Engleman v. Malchow
Before: Moore
MOORE, P. J.
The assignee of Universal Utilities, an insolvent limited partnership, sued a limited partner to enforce her agreed contribution to the capital. Prom an adverse judgment such limited partner appeals.
The partnership consisted of two general and five limited partners. By her answer and her testimony as a witness, appellant admitted that she had never paid any part of her promised contribution. Such an admission in itself is sufficient to sustain the judgment of the trial court. However, she contends that other evidence tended to prove that her obligation was discharged. Such other evidence no matter how material or relevant, at its best, could serve only to produce a conflict in the total proof to be resolved by the trial court whose determination may not be disturbed on appeal.
(Crawford
v.
Southern Pacific Co.,
3 Cal.2d 427, 429 [45 P.2d 183].) Her contention that she should be relieved of all obligations to pay her own subscription by reason of the failure of her associates to pay theirs is no defense. Neither her pleading nor her proof avails her. A contract can be satisfied under law by nothing short of a complete compliance. The violation of every section of the Civil Code by any one or by all of the other partners would not relieve appellant from her primary obligation to creditors who relied upon her compliance with her subscription agreement. By it her lia
[344]
bilities are measured and not by
res inter alios acta
or by the failure of her partners to abide by their obligations.

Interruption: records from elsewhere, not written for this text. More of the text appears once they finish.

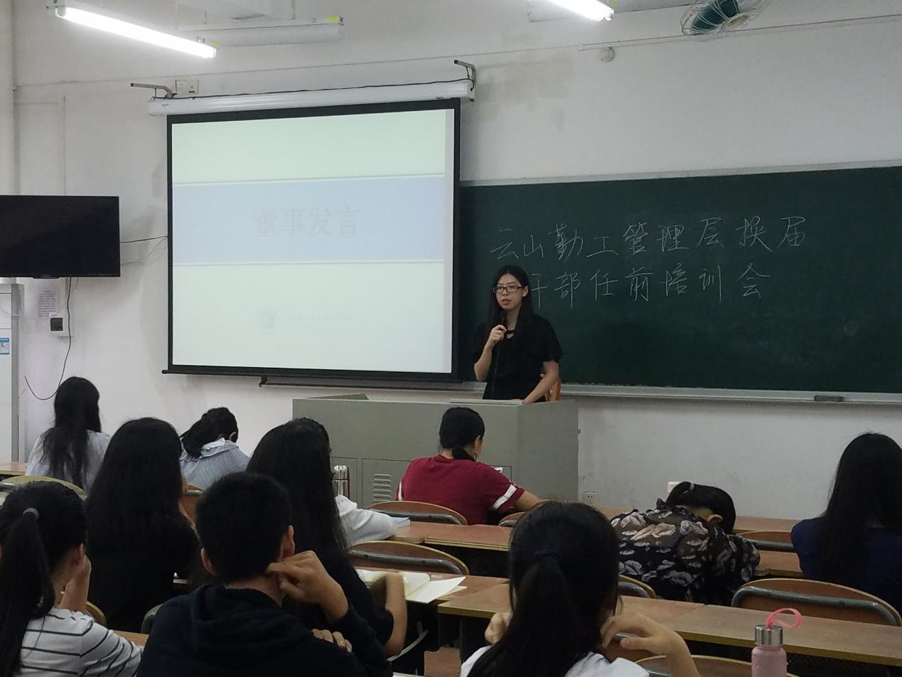 培训会由云山勤工常务董事邓银杏的发言拉开序幕,她为新一届的管理层带来了三点寄语。首先,作为云山勤工的管理层人员必须要培养和确立的观念就是“大勤工意识”,她希望大家在管理自己所在团队的同时也要对整个勤工的发展多加关注。其次,在勤工处于改革的大环境下,要将重心放在急需整改和可行性大的制度变革上,并在这一个月的实习期中熟悉好管理层的各项工作。最后,董事希望每位新一任管理层都可以把握好这一年的任期,做出优秀的成绩。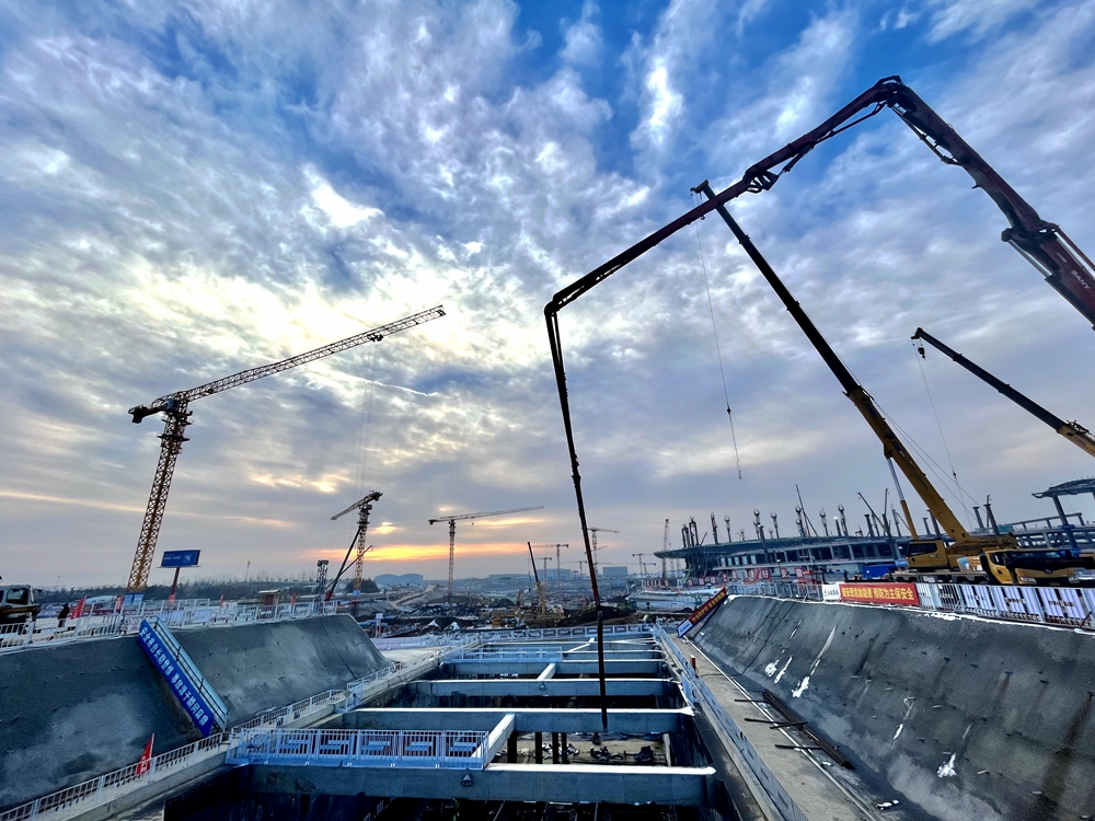 12月23日下午,合肥新橋國際機(jī)場綜合交通中心項目歷經(jīng)約10小時的鏖戰(zhàn),圓滿完成項目地鐵S1線首塊底板澆筑。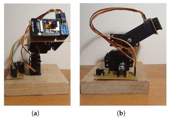 Both servomechanisms considered in this study have a controlled movement range of 180. The first drive, which was attached to the base, does not have an extra limit in the moving range. Therefore, movement is limited to 90 in the left direction and 90 in the right direction. The second servomechanism is attached to the output of the first servomechanism. The movement of the second servomechanism was restricted to 30 sagittal flexion down and 60 sagittal flexion up. The limits are directly connected with the CCTV camera image. This solution avoids pointing the camera at unimportant areas of the building (e.g., ceiling, floor). The ESP32-CAM was connected to the second servo rotor to ensure two degrees of freedom of moving mount.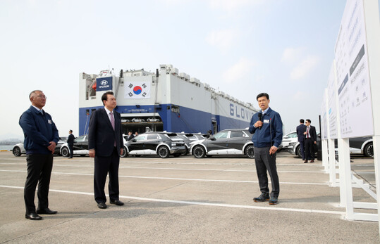 9일 현대차그룹에 따르면 윤 대통령은 이날 울산 석유화학복합시설 기공식과 경제인 간담회에 참석한 후 현대차 울산공장을 찾아 자동차 수출 선적부두와 울산5공장 제네시스 생산 라인 등을 둘러봤다.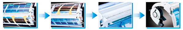 - Блок работает в режиме охлаждения при низкой скорости вращения вентилятора. Образовавшаяся вода убирает пыль с испарителя.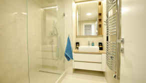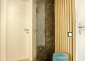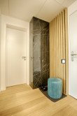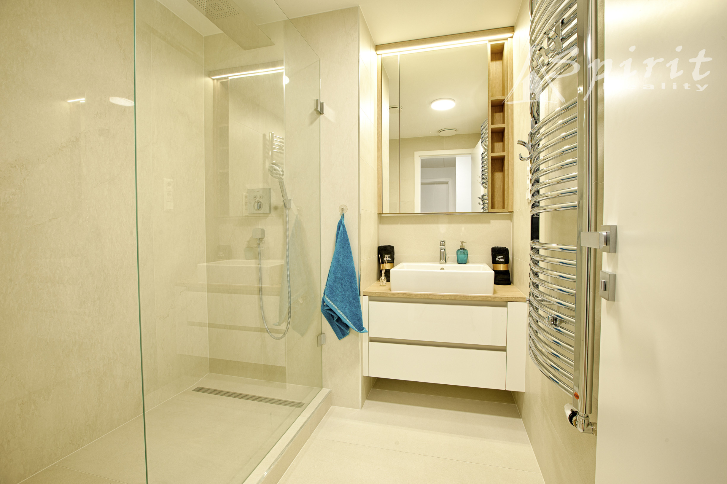 Vstupná hala, kúpeľňa s veľkým priestranným sprchovým kútom, oproti samostatné WC, obývacia izba s jedálenských stolom pri okne s výhľadom na hrad. Spálňa s manželskou posteľou a na mieru vstavanou skriňou. Plus lodžia s posedením.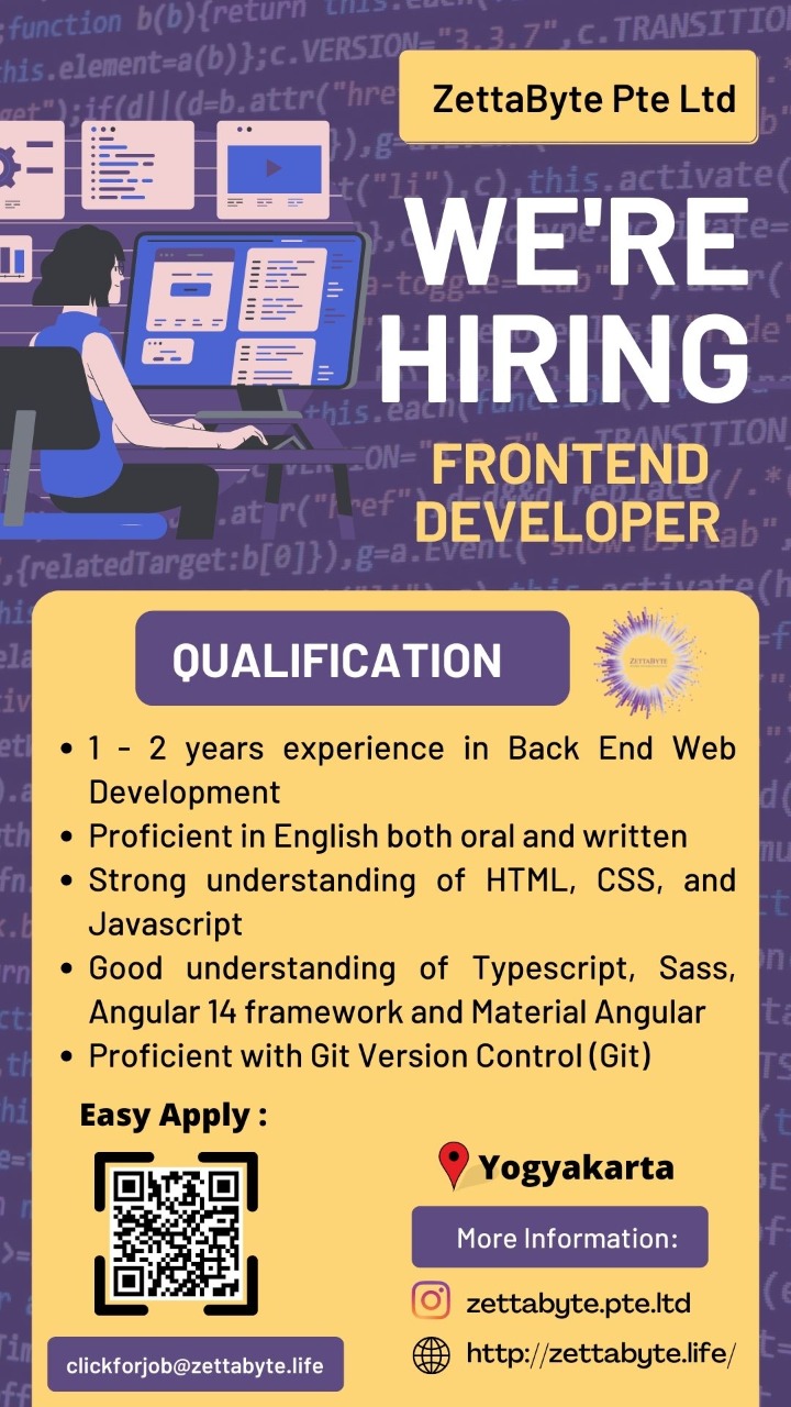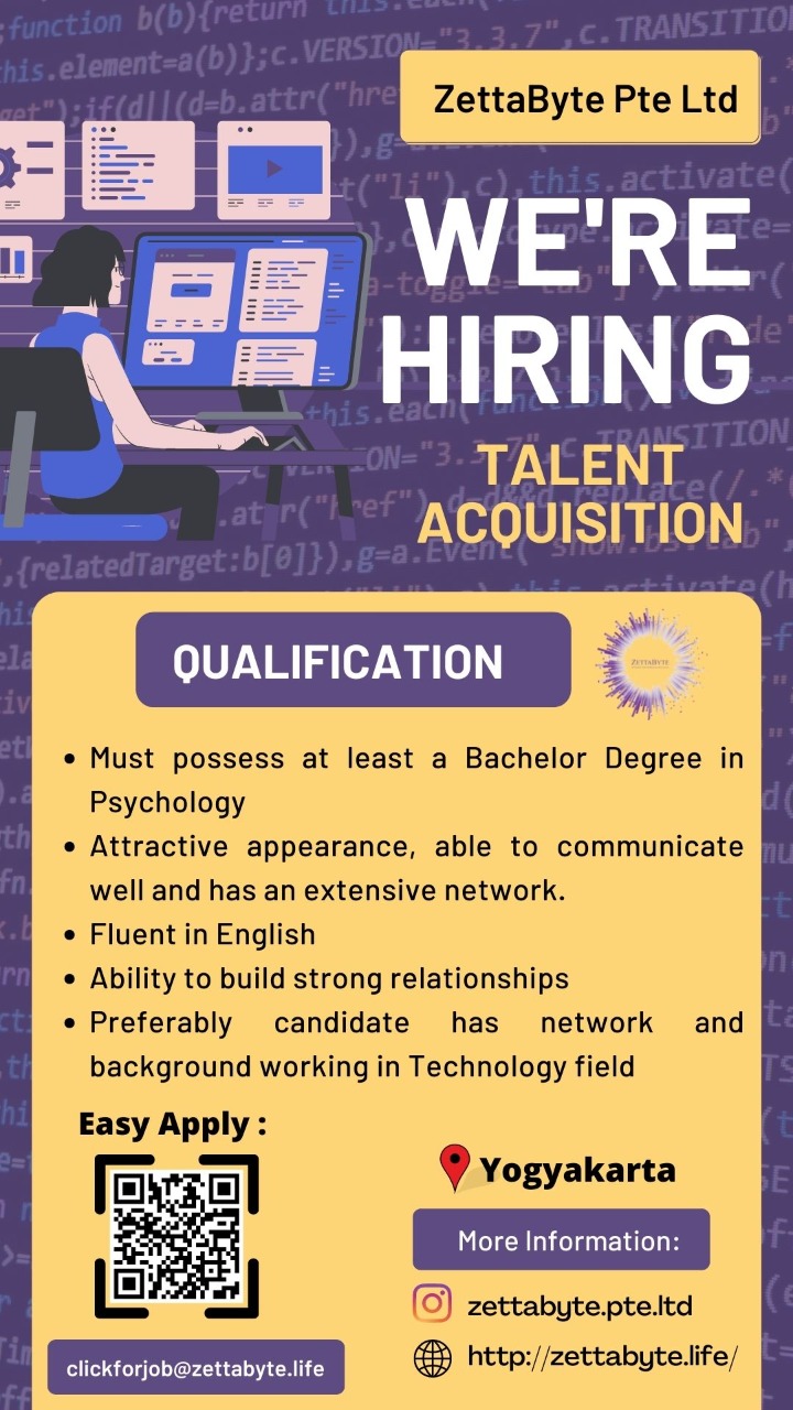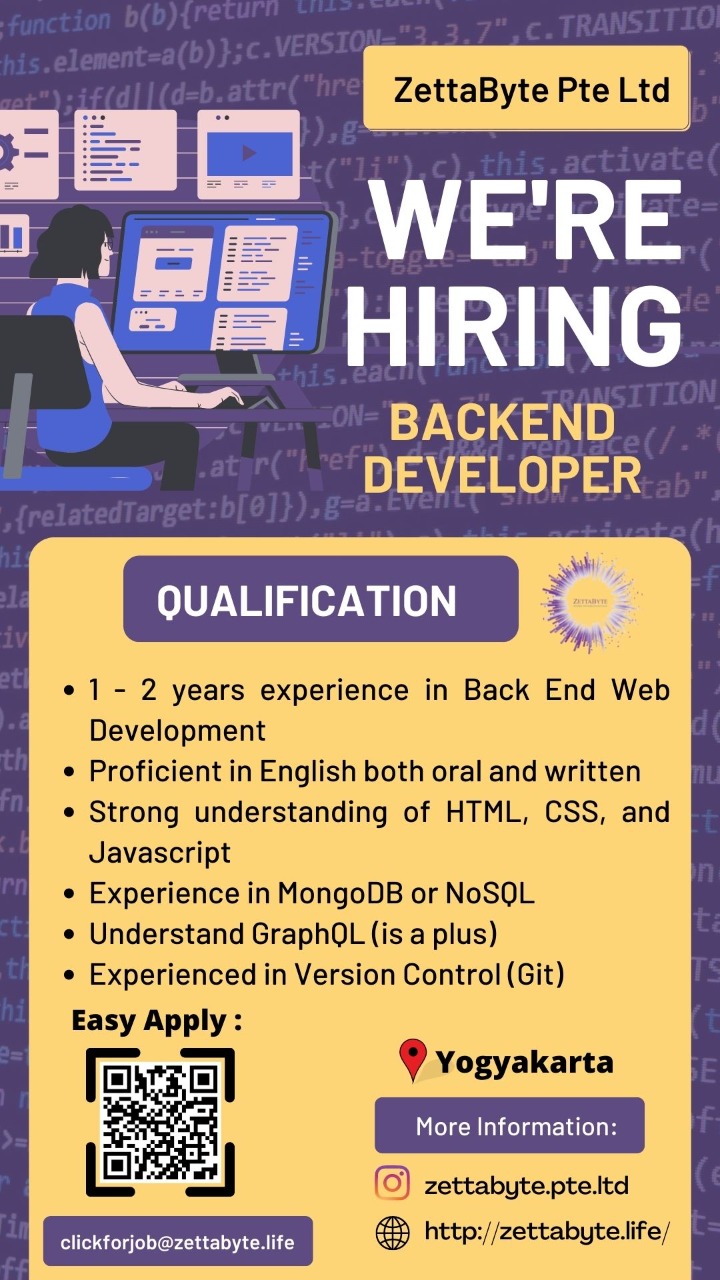 Berikut kami sampaikan informasi lowongan kerja dari ZettaByte Pte Ltd untuk posisi :

For the same reason it was not error for the court to exclude evidence of the failure of certain limited partners to pay in full their capital subscriptions. The clear-cut issue was whether appellant had paid the sum she had pledged. The proffered evidence was utterly foreign to that subject and could have served no beneficial purpose.
It is asserted that the court disregarded the financial statements taken from the books and records of the partnership which had been lost. There are three answers to such contention. (1) Since the document was received in evidence it is presumed to have been considered. (2) It might properly have been excluded as having had no foundation laid for its admission. (3) But neither its exclusion nor its rejection after admission could have been prejudicial. Since the court adopted the proof that her agreed contribution was not paid, no prejudice could have resulted by a “disregard” of the statement. Hence a reversal on that ground would not be justified.